KibioR & Kibio: a new architecture for next-generation data querying and sharing in big biology

Bioinformatics. 2021 Sep 9;37(17):2706-2713. doi: 10.1093/bioinformatics/btab157.

Abstract

Motivation: The growing production of massive heterogeneous biological data offers opportunities for new discoveries. However, performing multi-omics data analysis is challenging, and researchers are forced to handle the ever-increasing complexity of both data management and evolution of our biological understanding. Substantial efforts have been made to unify biological datasets into integrated systems. Unfortunately, they are not easily scalable, deployable and searchable, locally or globally.

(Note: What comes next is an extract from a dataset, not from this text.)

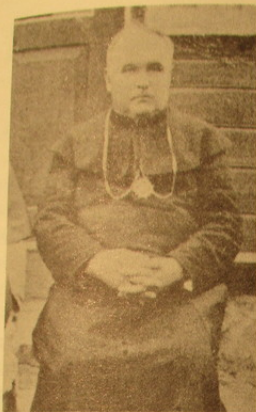
Prelatas Povilas Pukys

luomą. Kadangi šviesaus charakterio buvo ir labai pareigingas, geras buvo kunigas, tačiau gal dar geresnis administratorius ir bažnyčių statytojas.
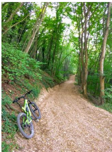
Costa delle Serre

Results: This publication presents two tools with a simple structure that can help any data provider, organization or researcher, requiring a reliable data search and analysis base. The first tool is Kibio, a scalable and adaptable data storage based on Elasticsearch search engine. The second tool is KibioR, a R package to pull, push and search Kibio datasets or any accessible Elasticsearch-based databases. These tools apply a uniform data exchange model and minimize the burden of data management by organizing data into a decentralized, versatile, searchable and shareable structure. Several case studies are presented using multiple databases, from drug characterization to miRNAs and pathways identification, emphasizing the ease of use and versatility of the Kibio/KibioR framework.

Availabilityand implementation: Both KibioR and Elasticsearch are open source. KibioR package source is available at https://github.com/regisoc/kibior and the library on CRAN at https://cran.r-project.org/package=kibior.

Supplementary information: Supplementary data are available at Bioinformatics online.